İZSU'nun bu oranları gizlemeye başladığını öne süren Kaya, şöyle devam etti:
"2021 sonrası faaliyet raporlarında yalnızca merkezdeki 11 ilçe esas alınmakta, böylece şehir genelindeki kayıp-kaçak oranı yapay biçimde yüzde 26,77'ye düşürülmüş gibi gösterilmektedir. Kırsal ilçeler ise yok sayılmaktadır. Ancak 2023 yılı Sayıştay raporu bu örtbası ortaya çıkarmıştır. İZSU'nun kamuoyuyla paylaşmadığı 2022 yılı verileri, durumun gizlendiğini ve gerçeğin çok daha kötü olduğunu belgeliyor. Bu sadece teknik bir sorun değildir."

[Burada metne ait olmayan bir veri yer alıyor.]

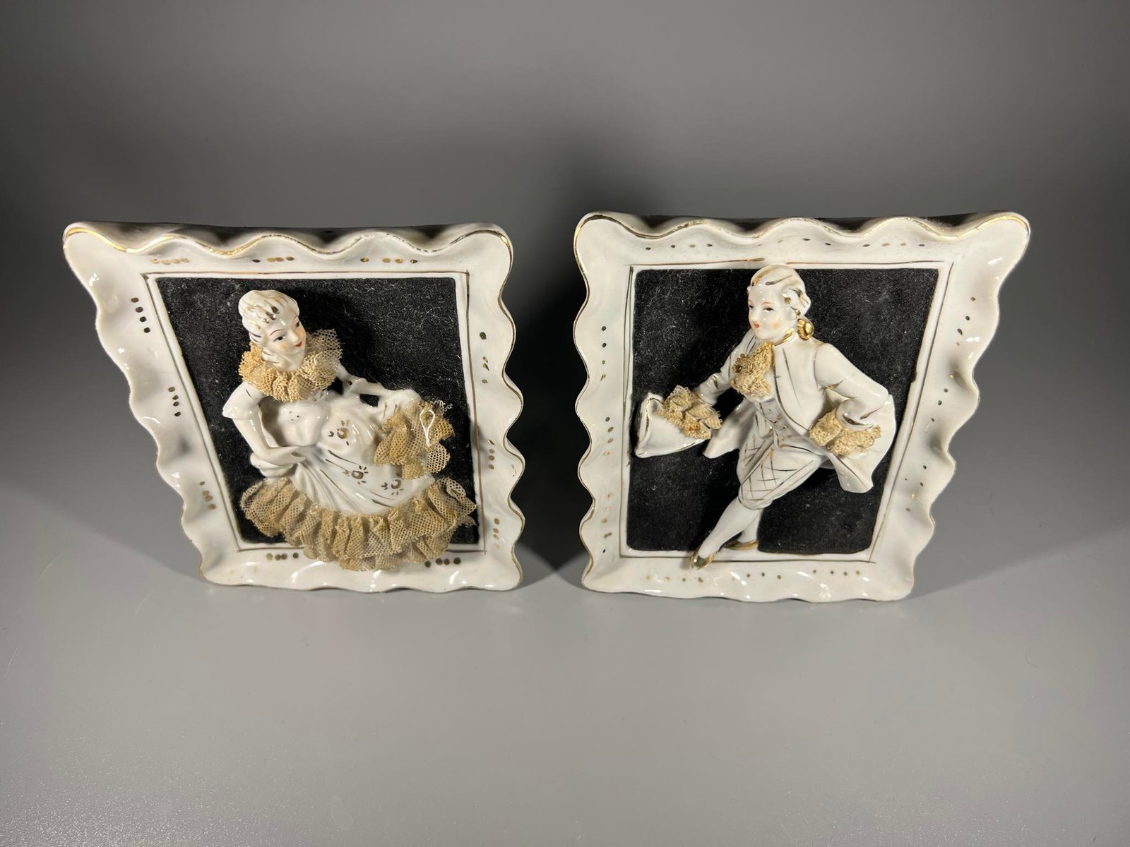 Paveikslėliai porcelianiniai, reljefiniai, antikvariniai Rokoko stiliaus. 2 vnt. Kaina 43
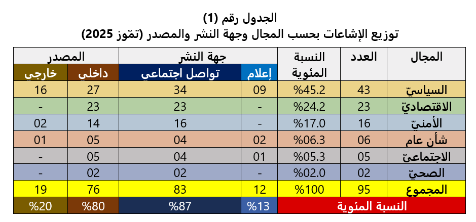 وحول تصنيف الإشاعات، فإنها توزّعت في شهر تمّوز على النحو التالي:
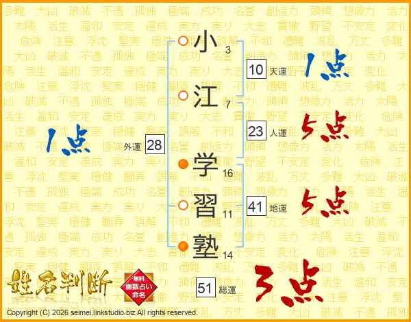 小江学習塾さんの総運は51画の3点!
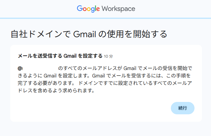 → この作業を行うと、Google Workspace の各アプリ(Gmail、カレンダー、ドライブなど)が利用可能になります。 - 自社ドメインで Gmail を使用開始する(約10分)
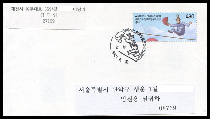 유네스코 인류무형문화유산 줄타기 기념우표 초일커버(FDC) 발행일 : 2021. 9. 30. 우표번호 : 3539 ~ 3540. 디자인 : 허공뛰기. 외무름훑기 디자이너 : 정은영 인쇄 / 색수 / 특수처리 : 평판 / 4도 / 적박. UV 코팅. 용지 : 평판원지 인쇄처 : 한국우편사업진흥원 / Royal Joh. Enschede / POSA(조엔쉐터社) 줄타기는 높이 3m, 길이 12m 간격으로 세운 작수목에 지름 3cm짜리 줄을 설치하고, 줄 위를 걸으며 노래·춤·기예를 하며 재담을 늘어놓는 우리나라 전통 공연예술입니다. 곡예 기술에 중점을 두는 세계 여러 나라의 줄타기와 다르게 우리나라의 줄타기는 음악 연주를 배경으로, 줄을 타는 줄광대와 땅에 있는 어릿광대가 대화를 주고받는다는 특징이 있습니다...
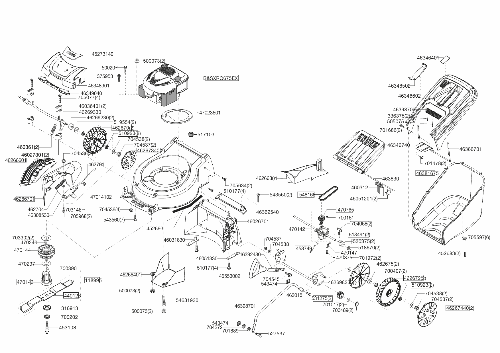 1| НОЖ, АДАПТЕР, РЕМЕНЬ, КОЛЕСА, ТРОС | AL-KO газонокосилка Powerline 5204 VS Selection Артикул: 119529 |с 12/2013 до 03/2015 года
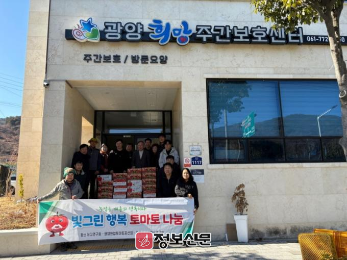 광양시는 13일 시설채소연구회(회장 문영운)가 직접 재배한 토마토 100kg을 진상면 희망노인복지센터에 기부했다고 밝혔다. 이번 기부는 지역 내 소외계층과 어르신들을 돕기 위한 것으로, 건강한 먹거리를 제공하고 이웃사랑을 실천하고자 마련됐다.

Kaya, milyarlarca liralık yatırımlarla üretilen içme suyunun musluğa ulaşamadan sistem içinde kaybolduğunu belirterek, "Son 5 yılda, tam 6 milyar 135 milyon liralık içme suyu, İZSU'nun şebekesindeki kayıplar nedeniyle heba oldu. İklim krizi derinleşirken, suyun stratejik bir değere dönüştüğü bir dönemde bu durum yalnızca bir yönetim zafiyeti değil, aynı zamanda büyük bir kamu kaynağı israfıdır. Tüm bu gerçeklere rağmen, İzmir'de hala 'dirençli kent' masalları anlatılıyor. Kayıp-kaçak sorununu gündeme getirenler ya susturuluyor ya da 'siyaset yapıyor' diye yaftalanıyor." ifadesini kullandı.
İstanbul'da kayıp-kaçak oranının yüzde 18,63, Bursa'da da bu oranın yüzde 19 olarak görüldüğünü aktaran Kaya, bunun İzmir'de yüzde 30'un üzerinde olduğunu dile getirerek, "Bazı ilçelerde yüzde 50'yi aşan oranlarla Türkiye'nin en yüksek su kaybı yaşayan şehirlerinden biri konumundadır. Bu haliyle İzmir'in su yönetimi ne dirençlidir, ne de sürdürülebilirdir. Çünkü sorun suyun kaynağında değil, su yönetimindedir." açıklamasında bulundu.